# Saya Making Stuff



## Hattorichop (Oct 21, 2011)

A couple weeks back I posted a thread of the first saya I made. I did not have the proper tools to make a saya but I tried with what I had laying around anyhow. I was happy with the end result but I decided if I was going to make more that I should invest in some proper tool.




[/IMG]

I purchased a 1/4" and a 1/2" hatachi white steel japanese made chisel and a pair of hand planes. I also got some new wood, tulip, zircote,olive,and some purpleheart.

I'm now ready to try again!


----------



## The hekler (Oct 21, 2011)

Looking forward to seeing some results especially that purpleheart.


----------



## macmiddlebrooks (Oct 21, 2011)

Very nice, I like those hand planes.


----------



## Eamon Burke (Oct 21, 2011)

That is a fantastic purchase!


......you know we need a person to do sayas around here now that marko has turned his thoughts to steel and machines.....just sayin


----------



## Marko Tsourkan (Oct 21, 2011)

Yes, it is a good start and I am glad somebody is doing it. 

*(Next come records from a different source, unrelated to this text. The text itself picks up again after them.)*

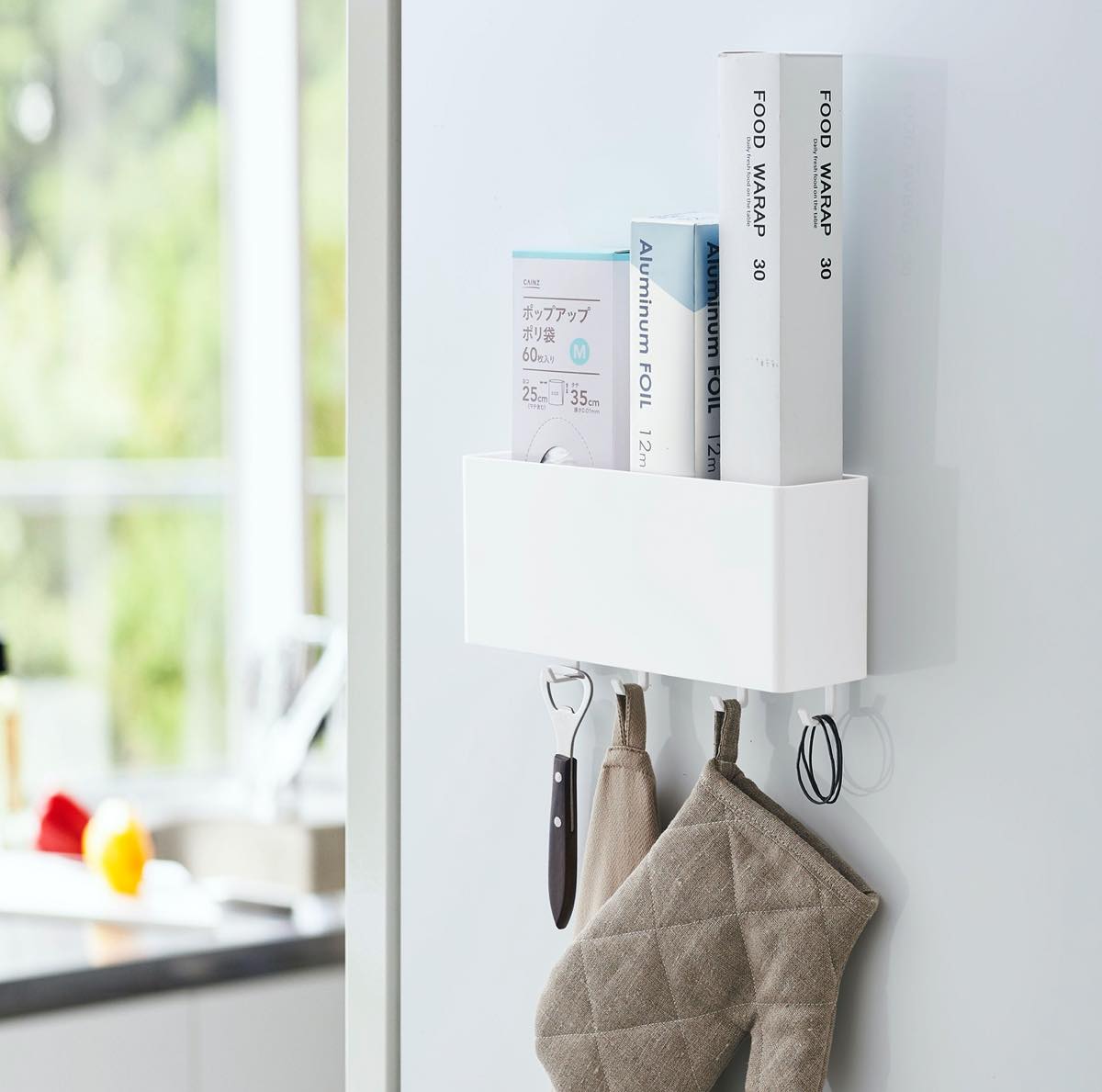 「マグネットストレージ シリーズ タワーワイド」は、マグネットが付く冷蔵庫や洗濯機、浴室のパネルなどに、簡単に取り付けられる収納ケースです。3枚の仕切り板で仕分けされているので、ラップなどの長めのものを収納するのに便利。付属のフックで、底部分に鍋つかみや布巾、栓抜きなどの小物も掛けられます。W24.5×H10.5×D7.2cm、重量:420g、耐荷重:約3kg。
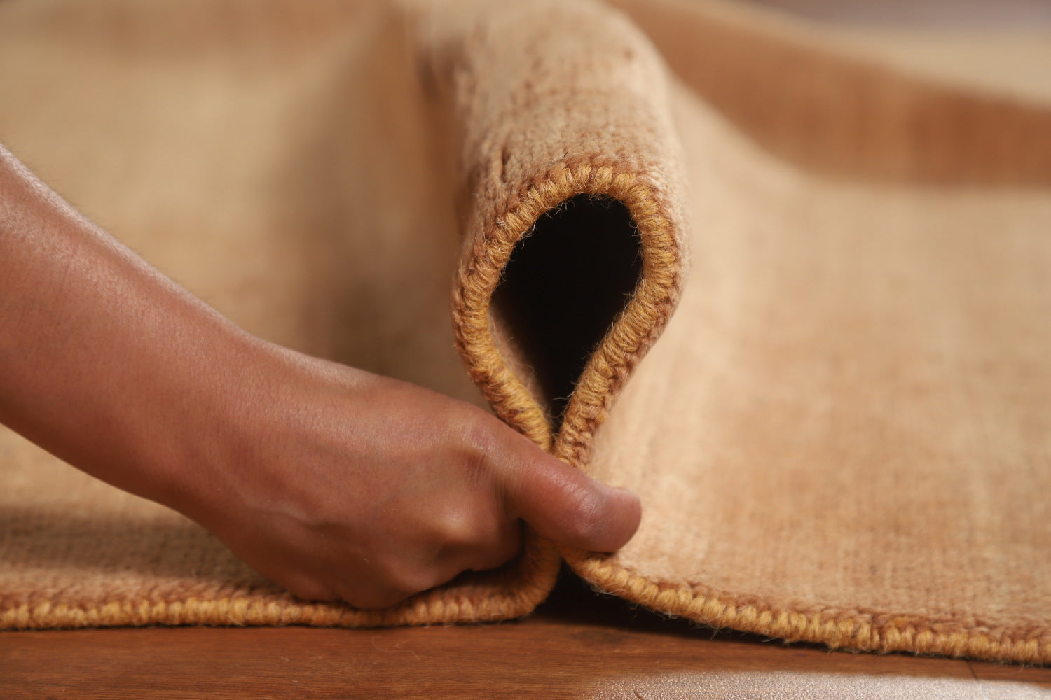 A Beautiful Genuine Pakistan Gabbeh rug is Hand Knotted by skillful weavers in Pakistan with 100% Wool Material. This rug is in New, First Quality condition. dimensions are 7' 11'' X 5' 7'' in foot and 241 X 170 in centimeter. the primary color is Peach.
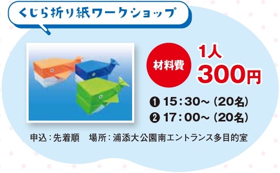 お子様から大人まで楽しめる「くじら折り紙ワークショップ」を実施。こちらは当日受付ですので、参加ご希望の方は当日南エントランス多目的室までお越しください。
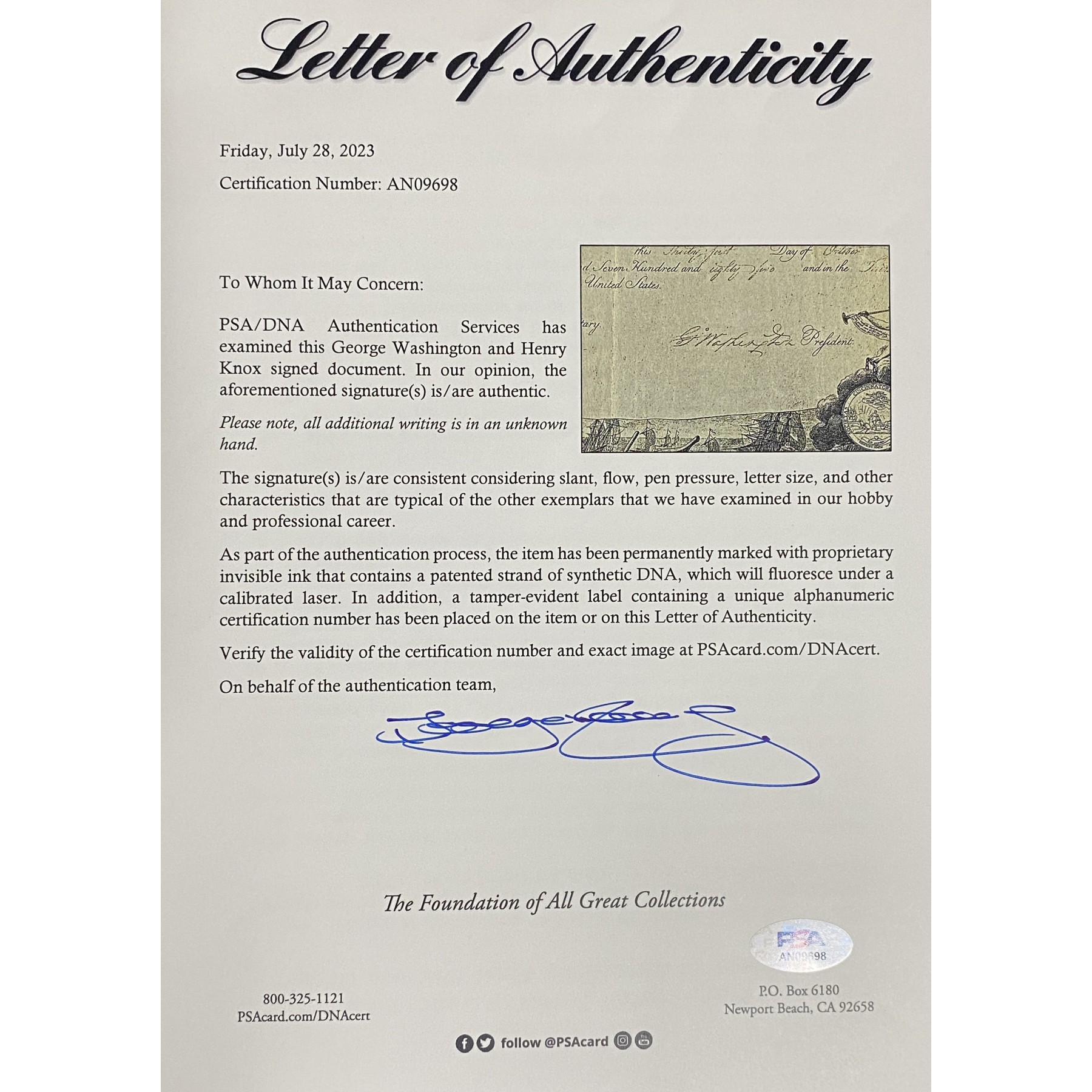 One of the more well preserved examples ever seen of a highly coveted complete George Washington signed document! Accompanied by a full Letter of Authenticity from PSA/ DNA.
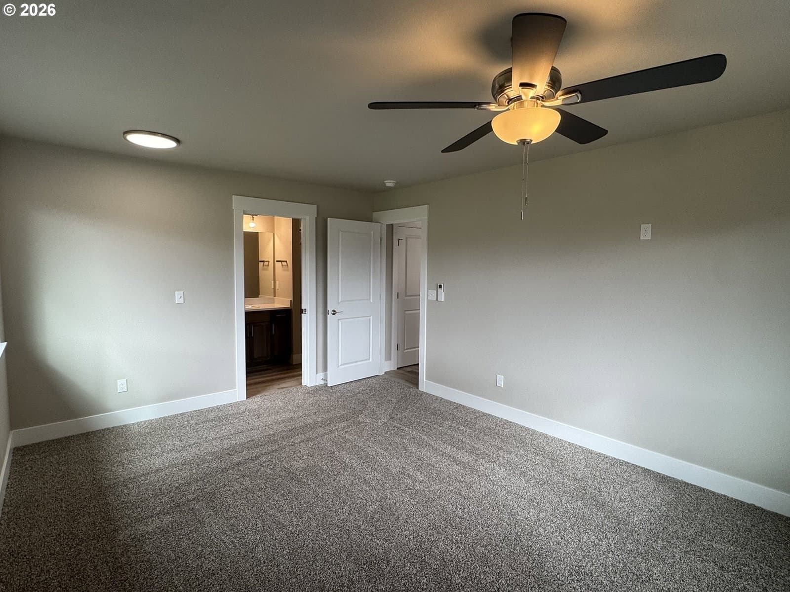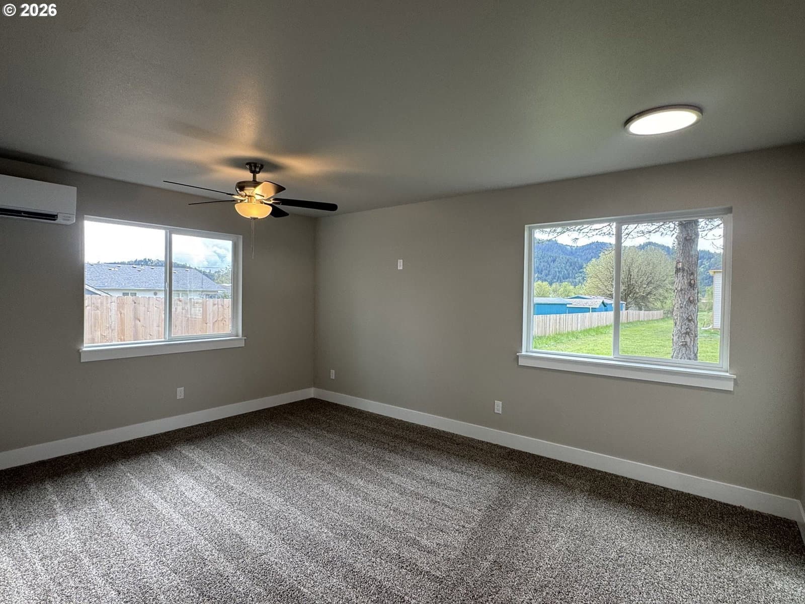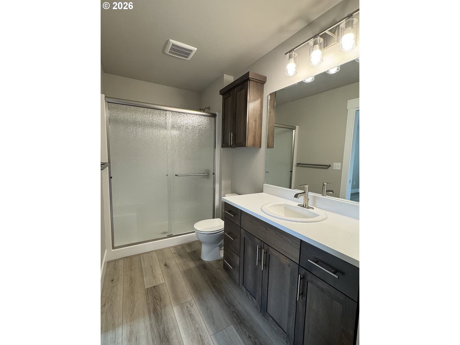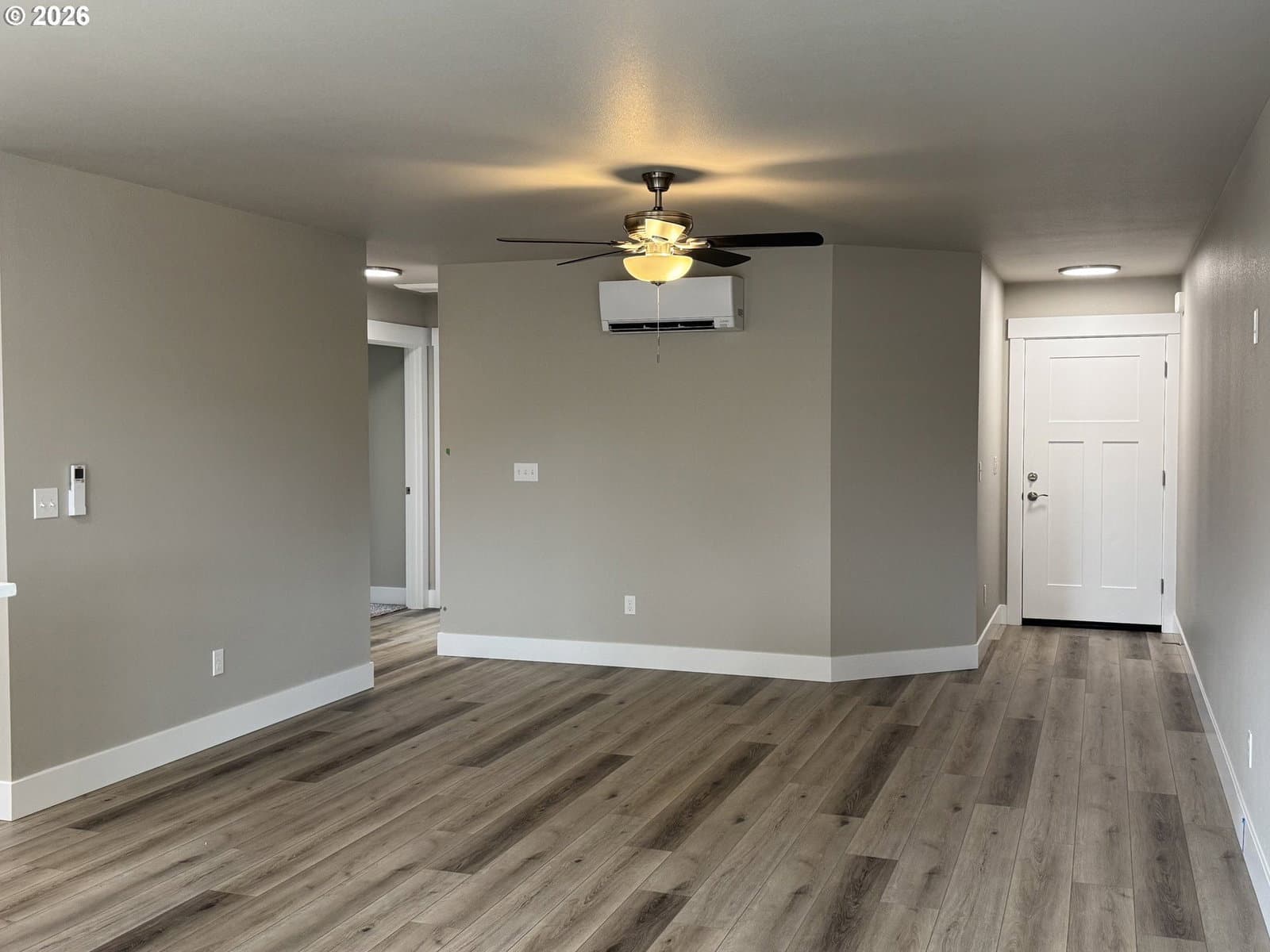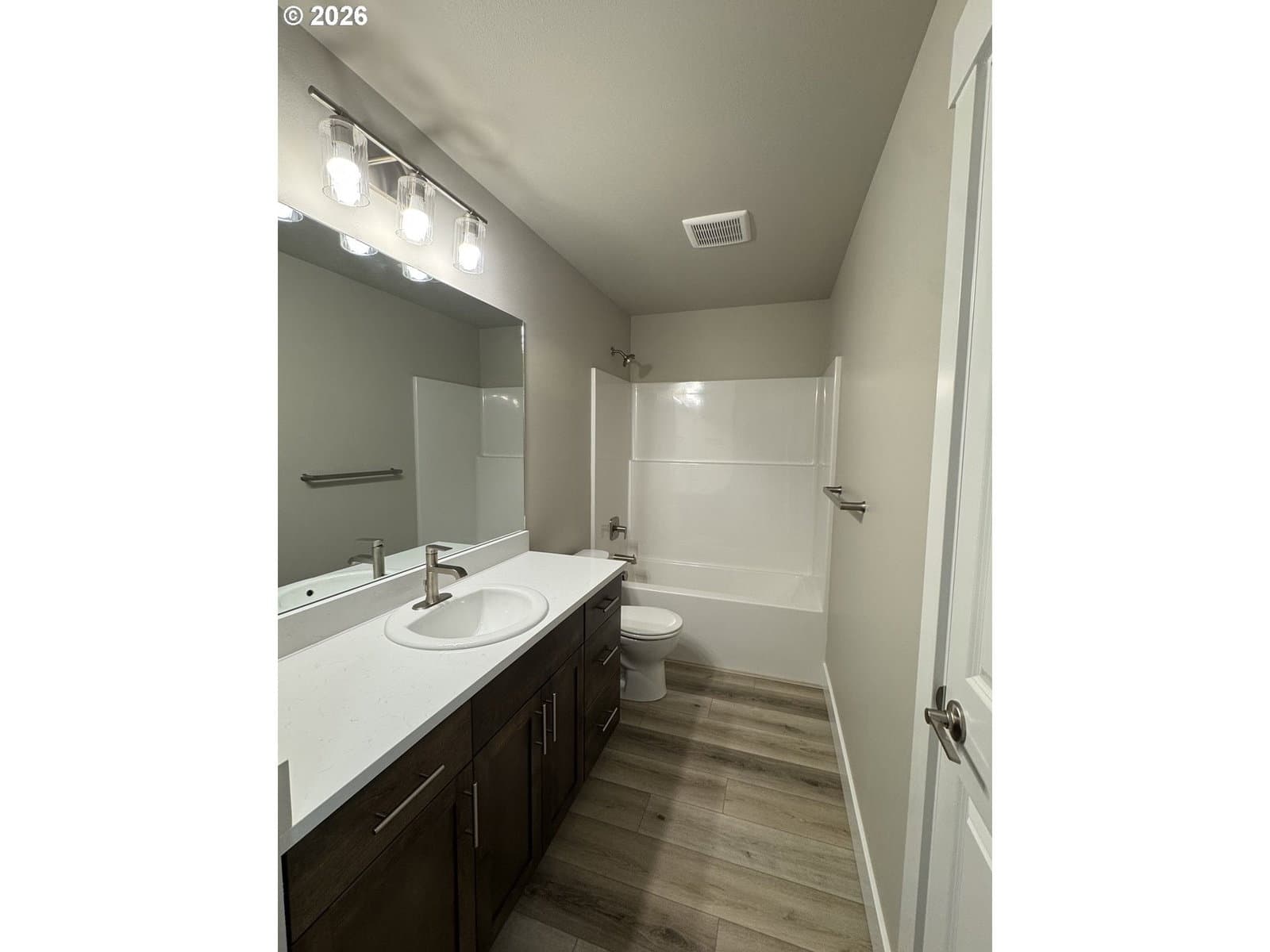 New home by Tabor Building. The “Horizon” open concept floor plan is designed to give a comfortable feel to the main area of a modest-sized house. Robust primary bedroom and closet space. Custom cabinets with raised eating bar, Quartz countertops, and LVP flooring.

It's hard to pursue too many hobbies at once. Time and concentration is in short supply.  

M


----------



## Eamon Burke (Nov 23, 2011)

How's this going? You still interested in making custom sayas?


----------



## Hattorichop (Nov 23, 2011)

Yeah Im still interested. My problem at the moment is my limited access to larger wood working tools. I do have a friend with everything I need but it is hard to arrange shop time with him as he is a busy man. I will be getting to his shop in the next couple of days and I should have another one made soon.
I hope to see some improvement from the first one,I will post a photo when I'm finished.


----------